Noah and Science

The ever incisive David Brin has a recent post on his blog, Noah, the Tower of Babel… and Science, which, somewhat analogously to the scientific argument (see previous post) that DNA analysis undermines the idea of a literal Adam and Eve being the ancestors of all humanity, explores the idea that Noah’s Ark preserved enough creatures to have generated the diversity of life we see on Earth today.

He acknowledges that challenging the plausibility of the Noah’s Ark story is like “shooting fish in a barrel”. Still, it’s fun to think these kinds of things through, just for those people inclined to take the Noah story literally, yet who might be inclined to understand reason. Brin:

Let’s say the entire human population, including guiltless babies, were drowned in a fit of angry pique by a questionably-balanced deity who was not setting a very good parental example, that’s for sure. And let’s further posit that the wives of Noah’s three sons must replenish the Earth with humans. Less than ten generations later, you have cities and Babel-towers being built. What’s the math on that?

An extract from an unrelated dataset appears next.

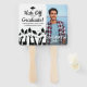 Celebre o seu formando, fique legal e salve a sua cerimônia de formatura ao mesmo tempo! O lado frontal deste fã incrível apresenta uma silhueta de bonés de formatura jogados no ar, seu nome de formando, classe de ano e escola. A parte de trás apresenta sua foto e seu nome. Use para salvar uma fila de assentos para o grande dia - ou perfeito para se vangloriar em um dia quente de formatura. Montagem necessária ou escolha já montada.

He speculates on the consequences of a very generous estimate of 10 surviving offspring per woman. In 10 generations, you get 10 million people. He goes on, discussing rival estimates of populations at the time of the Tower of Babel, and why that successful birthrate must have ended (since it’s not true today, or in any recent history).

But of course, the same quandaries afflict any other faith that insists on interpreting the legends of illiterate shepherds as physically precise accounts…

…instead of allegories that still convey powerful lessons, to this day.